Gaslighting, as I understand it, is called that because it refers to turning down the gaslight so you are in dimness and shadow, then he can try to make you believe anything he wants you to because you are in shadow and can only take his word for what is real.
So no, him choosing what to listen to isn't quite the same thing. But he can turn your words around in his head, give them back to you with his own twist on them and make you believe that his version is what you actually said - that's gaslighting.

Glad to have helped take a weight off you, VB. I really don't think he will talk himself into a full breakdown, any more than I believe Solost's exH actually lost it and trashed the OW's flat. It's just a ploy, honestly. Rise above it - if he keeps on about it, just tell him he must go and see a GP and get a psychiatric referral and you won't be happy for him to be around the children unless he is given a clean bill of health. That should stop it in its tracks.

PeppermintPasty · 10/08/2011 12:42

I think you're right VB, he will push himself further and further when he sees that all this is not working on you.
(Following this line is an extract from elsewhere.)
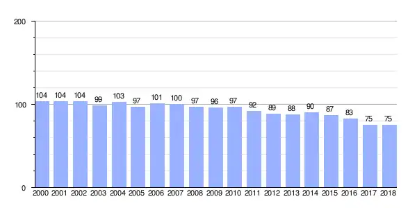 | Gráfica de evolución demográfica de Mercurín (parroquia) entre 2000 y 2018 |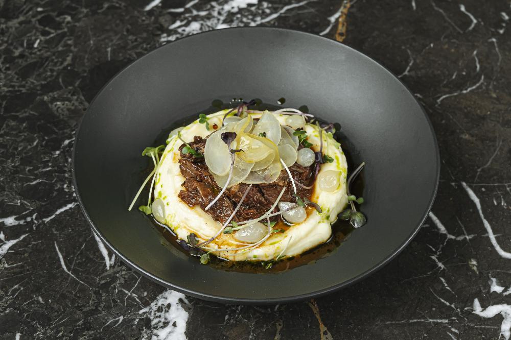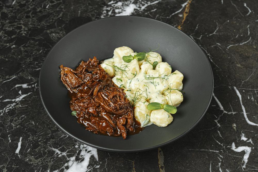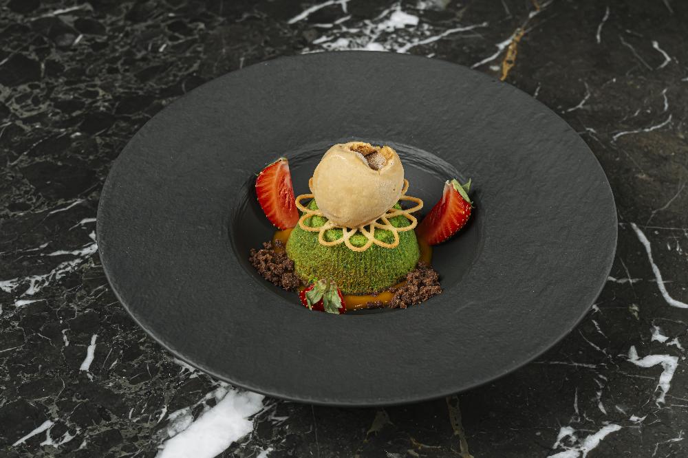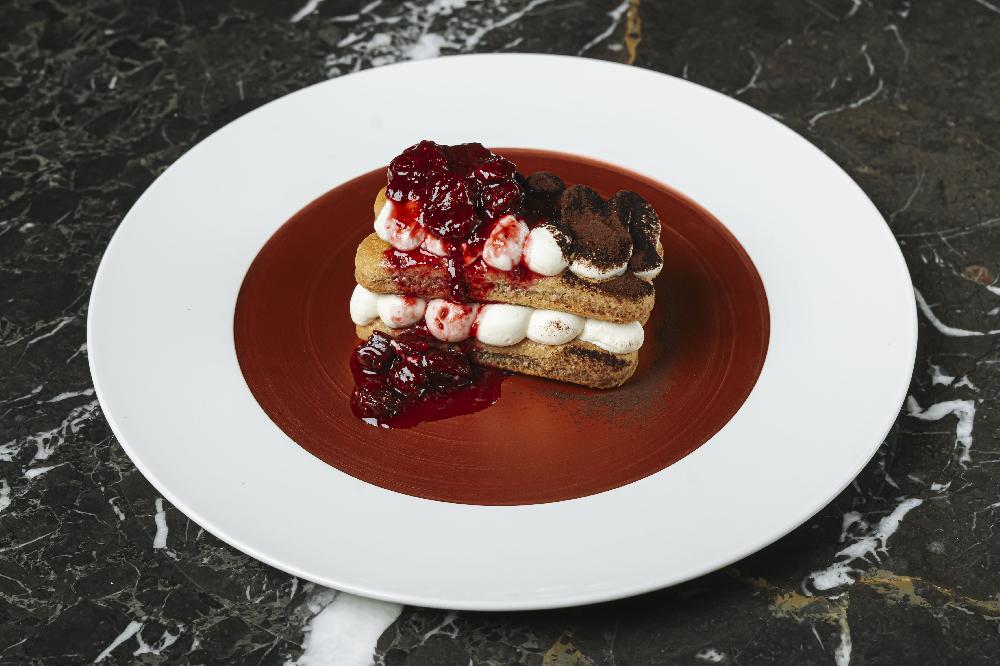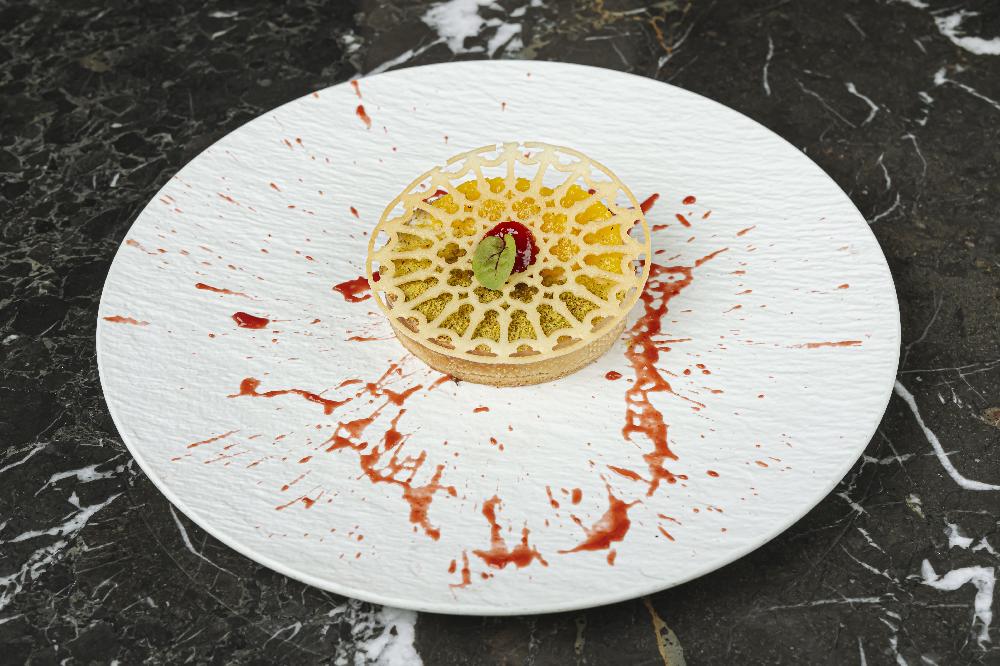 "Syrniki" Cheesy Pancake with Red Cherry Coulis and Salted Caramel

That's what you have to steel yourself to deal with isn't it? -I suspect all bets will be off and he will start being more and more devious in an attempt to get his own way, using the children in even more horrible ways, and attempting to squeeze you until your pips squeak. Guts and determination will win the day, but it will be hard I think.
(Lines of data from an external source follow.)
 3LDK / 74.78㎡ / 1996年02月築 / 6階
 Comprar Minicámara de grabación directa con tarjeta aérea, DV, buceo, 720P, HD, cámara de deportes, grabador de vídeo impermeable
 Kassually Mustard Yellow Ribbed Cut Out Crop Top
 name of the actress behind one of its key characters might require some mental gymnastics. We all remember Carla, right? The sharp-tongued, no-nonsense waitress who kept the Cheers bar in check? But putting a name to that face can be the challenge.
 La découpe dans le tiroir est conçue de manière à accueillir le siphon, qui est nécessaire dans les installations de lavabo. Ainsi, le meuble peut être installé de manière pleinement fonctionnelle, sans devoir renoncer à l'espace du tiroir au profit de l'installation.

PeppermintPasty · 10/08/2011 12:44

Yes, I should make it clear that I don't think anything he says about his health can be trusted. I don't think he'll push himself in that way-I mean he will go on and on at you in ever more exhausting ways and lie and lie. He has shown you time and again how good he is at that at least.
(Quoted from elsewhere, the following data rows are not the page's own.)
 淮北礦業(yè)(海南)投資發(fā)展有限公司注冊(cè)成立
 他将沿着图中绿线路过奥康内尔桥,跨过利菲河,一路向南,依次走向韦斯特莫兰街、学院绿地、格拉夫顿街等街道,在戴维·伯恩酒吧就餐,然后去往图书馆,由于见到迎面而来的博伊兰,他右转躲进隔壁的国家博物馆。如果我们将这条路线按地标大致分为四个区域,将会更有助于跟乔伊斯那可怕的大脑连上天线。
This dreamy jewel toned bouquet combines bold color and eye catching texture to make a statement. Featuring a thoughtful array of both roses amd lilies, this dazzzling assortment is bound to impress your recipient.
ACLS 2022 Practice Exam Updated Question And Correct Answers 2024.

PeppermintPasty · 10/08/2011 12:45

forgot to say was responding to TW. Cross post oh doh!

Thumbwitch · 10/08/2011 12:52

here is Wiki on gaslighting - I wasn't quite right in my reference point but the actuality of it was about right.
The term comes from a film (Gas Light) where an EA partner tries to make his wife think she is imagining the change in brightness of the gas lights, when in fact he is altering them. It is creating a perception of altered reality to unsettle the other person.

mummytime · 10/08/2011 12:55

I think you need to get into the "no contact except arrangement for kids" arrangement. It would be better if it is by email, so you can keep copies, but keep copies of texts if possible, but stop reading them. Also start keeping a diary incase you need a restraining order later.
If he goes on about his mental health tell a friend of his, or your ILs, and then wash your hands of him.
I would also suggest no more cosy teas or anything. He shouldn't come into the house, and you should just hand over the kids. Then greet them at the door and goodbye to him.
You are going to have to get tough. Good luck!